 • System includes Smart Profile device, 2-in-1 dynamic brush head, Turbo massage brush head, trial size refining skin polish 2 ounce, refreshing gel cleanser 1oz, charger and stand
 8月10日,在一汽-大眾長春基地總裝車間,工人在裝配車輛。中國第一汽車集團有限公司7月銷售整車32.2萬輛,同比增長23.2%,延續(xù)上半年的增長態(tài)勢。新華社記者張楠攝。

◆ ◆ ◆ ◆

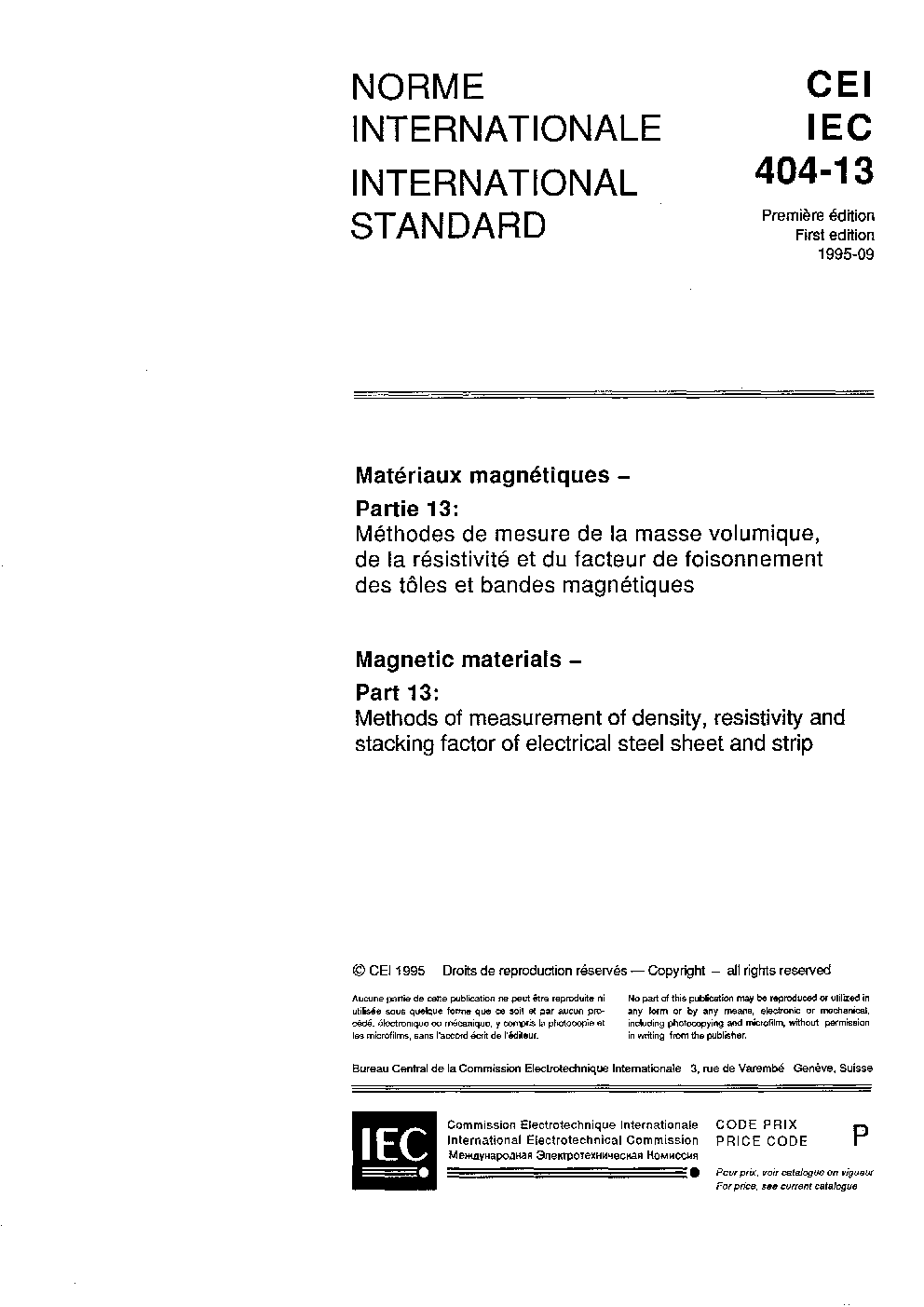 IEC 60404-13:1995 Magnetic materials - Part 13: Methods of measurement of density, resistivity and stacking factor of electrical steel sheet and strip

◆ ◆ ◆ ◆

◆ **YOUR OBJECTIVE**
In the listing above, find the line with "charger and stand" and the line with "8月10日,在一汽-大眾長春". Output those two lines and every line between them, exactly as written.

◆ **WRITTEN REPLY**
 • System includes Smart Profile device, 2-in-1 dynamic brush head, Turbo massage brush head, trial size refining skin polish 2 ounce, refreshing gel cleanser 1oz, charger and stand
 8月10日,在一汽-大眾長春基地總裝車間,工人在裝配車輛。中國第一汽車集團有限公司7月銷售整車32.2萬輛,同比增長23.2%,延續(xù)上半年的增長態(tài)勢。新華社記者張楠攝。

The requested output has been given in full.